HERE AND NOW

An Organic List of Little Changes We All Can Make to Make our Children’s Future Safer and Healthier

Please contribute ideas and suggestions and criticisms

  • Save on Energy
  1. buy organic foods and as much locally grown (and processed, etc.) food as possible (read “The Tale of Two Tomatoes“).
  2. buy from local bookstores. Sure, the UPS truck drives by anyway, but mine might be the package that puts an extra truck on the road. And my extra buck can support the independent bookstore, which is always a good cause.
  3. don’t preheat the oven, unless when cooking poultry, meat or fish (bacteria!).
  4. don’t preboil (e.g., when cooking pasta, potatoes, corn, etc.), and don’t let pots/pans boil away and fill only with however much water is needed (e.g., when making tea).
  5. when doing dishes and laundry, use lowest temperature necessary - usually that’s “cold”.
  6. replace all alight bulbs with compact fluorescent lamps (CFL), even the one in the fridge.
  1. when doing dishes, fill sink; don’t run tap.
  2. run dishwasher when it’s full. 
  3. one cup a day (as much tea/coffee as you want, but in only one cup: less dishes).
  4. when brushing teeth, don’t run tap.
  5. shower less: every other day, work towards every three days, etc.
  • Reduce-Reuse-Recycle
  1. recycle even the smallest piece of paper, the tiniest plastic cup or lid.
  2. set up exchanges with friends, especially for those babyclothes and toys.
  3. use only the minimum of paper napkins/towels, at home and at restaurants (stick it on: These come from trees).
  4. bring own resusable cup to coffeeshops.
  5. wash out ziploc bags and baggies, reuse.
  6. call up junkmail/catalogue companies and request being taken off their mailing lists (it works: most will!).
  • Decrease pollution
  1. paper or plastic? Neither! (bring own canvas bag to shop, they’re stronger and much more stylish anyway - amusing/disconcerting article on the topic).
  2. don’t buy bottled water (according to the Whole Foods “The Whole Earth Weigh-In” pamphlet, “80% of the 25 billion single-serving plastic water bottles Americans use each year end up in landfills.”)
  3. when buying something, consider its packaging (lots of plastic? Thanks!).
  4. no to paper, styrofoam or plastic cups (bring own resusable cup).
  • Cleaning
  1. use “green” cleaning products.
  • Trash Taboos!
  1. flush toilet selectively (just keep the lid closed) (if no guests are around).
  2. those diapers! > switch to g-diapers.
  3. those pads and tampons! > switch to DivaCup.
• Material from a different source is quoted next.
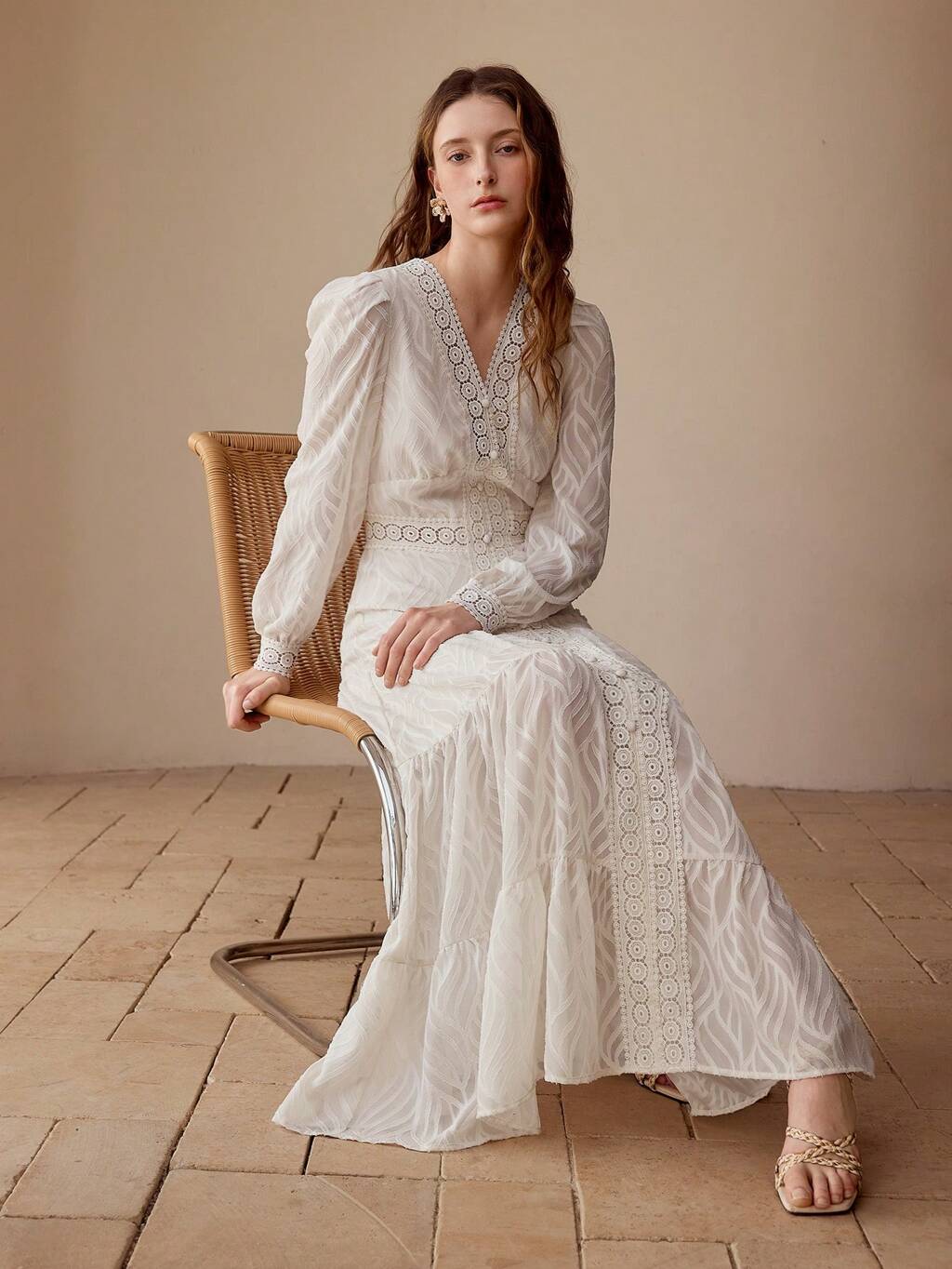 CONTRAST LACE FITTED WAIST DRESS,VALENTINE'S DAY OUTFIT,SPRING/SUMMER

A note on Taboos: Most items on the list are straightforward and easy, the last three might not be. I was as squamish about poop and blood as the next person… until I gave birth and started changing diapers. So I reconsidered the cultural taboos that made me recoil from excrement/menstrual blood and the honest consideration of their cost to the planet. Really, those 18-20 billion soiled, plastic and chlorine-bleached disposable diapers and those 7 billion bloody tampons and 13 billion bloody sanitary pads sitting in landfills in the US alone (and counting)… are they that much less disgusting?
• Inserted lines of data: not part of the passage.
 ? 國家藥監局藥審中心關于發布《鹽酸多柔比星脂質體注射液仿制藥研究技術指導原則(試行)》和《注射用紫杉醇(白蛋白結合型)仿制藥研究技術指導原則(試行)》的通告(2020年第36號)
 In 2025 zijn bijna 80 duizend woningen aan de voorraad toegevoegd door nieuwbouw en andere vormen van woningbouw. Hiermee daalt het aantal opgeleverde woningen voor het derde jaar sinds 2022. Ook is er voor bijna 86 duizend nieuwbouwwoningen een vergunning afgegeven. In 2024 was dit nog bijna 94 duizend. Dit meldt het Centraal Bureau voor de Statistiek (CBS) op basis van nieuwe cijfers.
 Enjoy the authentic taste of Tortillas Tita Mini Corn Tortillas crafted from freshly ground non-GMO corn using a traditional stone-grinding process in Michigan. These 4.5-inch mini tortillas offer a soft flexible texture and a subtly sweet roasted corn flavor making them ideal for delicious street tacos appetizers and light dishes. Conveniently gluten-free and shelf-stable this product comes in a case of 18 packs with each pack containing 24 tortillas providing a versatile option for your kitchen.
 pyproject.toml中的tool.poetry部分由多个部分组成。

  • Items that we would like to add but that are more difficult to implement: 
  1. compost organic materials. Update
  2. grow herbs and veggies, but we don’t have a garden and there is very little direct sunlight in our basement appartment: find a solution.
  3. not buy any more leather shoes, handbags. Bags is easy, shoes less. Find some alternatives, preferably that don’t involve more plastic.
  • Feasability = Adaptability

If our circumstances can’t be adapted, of course we have to adapt. I remember my mother-in-law’s protest to our organic-food-resolution: “What if it isn’t available? What then?” Well, then we’ll just have to starve.